Location and Construction

Arch for Septimius Severus

view of the arch's forum-facing side, with the Capitoline Hill in the background

The Arch is located at the far end of the Forum Romanum, near the Capitoline Hill. As Diane Favro notes, when it was built, no new additions had been made to this Forum for seventy years, and when it was completed, it sealed the only open end of the Forum, thereby making the rest of the Forum difficult to access with construction vehicles. It was placed directly in front of the Temple of Concordia and west of the Curia Iulia, where the Senate met.  

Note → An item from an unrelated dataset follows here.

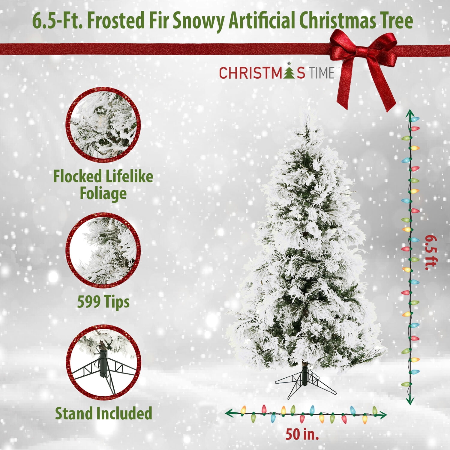 FULL, TRADITIONAL SHAPE: Standing 6.5-foot tall this traditional silhouette snow flocked tree is the perfect fit for your room with 8-ft. to 9-ft. ceilings. The 50-in diameter makes this a great tree for small spaces, entryways, and corners. HINGED BRANCHES: Metal hinged branches attached to the center pole sections allow for easy set-up, take down, and storage year after year. A sturdy metal stand is included. FULL AND DENSE: 599 snow covered lifelike needle tips create the appearance of a natural cut tree. Our premium flock is bright white and fade resistant. NOT YOUR AVERAGE ARTIFICIAL TREE: Christmas Time produces the most realistic artificial Christmas trees on the market, featuring all the long-term benefits that come with owning an artificial tree. WE ARE HERE TO HELP: Our customer service team is available to assist you with any product questions or shipping related issues. If you are not completely satisfied please reach out to us for assistance. Frosted Fir snowy artificial Christmas tree with flocked lifelike foliage Full, traditional silhouette stands 6.5-ft. high with a 50-in. diameter Long, high-quality PVC needles and all-metal hinged branch construction Easily folds back into slim silhouette for easy storage Flame-retardant and non-allergenic Standard model – lighting sold separately Metal stand included Number of tips: 599

As Diane Favro argues, construction of the Arch would have been particularly difficult because it is located so deep within the city. Marble would have been quarried outside of Rome, transported to its borders, and moved through the city to the Forum on unwieldy wagons via one of only two available routes. Once it was there, the foundations were laid, and the body itself was built and the attic was added with a series of progressively more elevated cranes that significantly obstructed the rest of the Forum. Finally, ornamentation was added from the scaffolding before it was deconstructed. The construction would have taken roughly a year.1

BR


1. Diane Favro, “Construction Traffic in Imperial Rome: Building the Arch of Septimius Severus,” in Rome, Ostia, Pompeii: Movement and Space, eds Ray Laurence and David J. Newsome (Oxford: Oxford University Press, 2011), 356.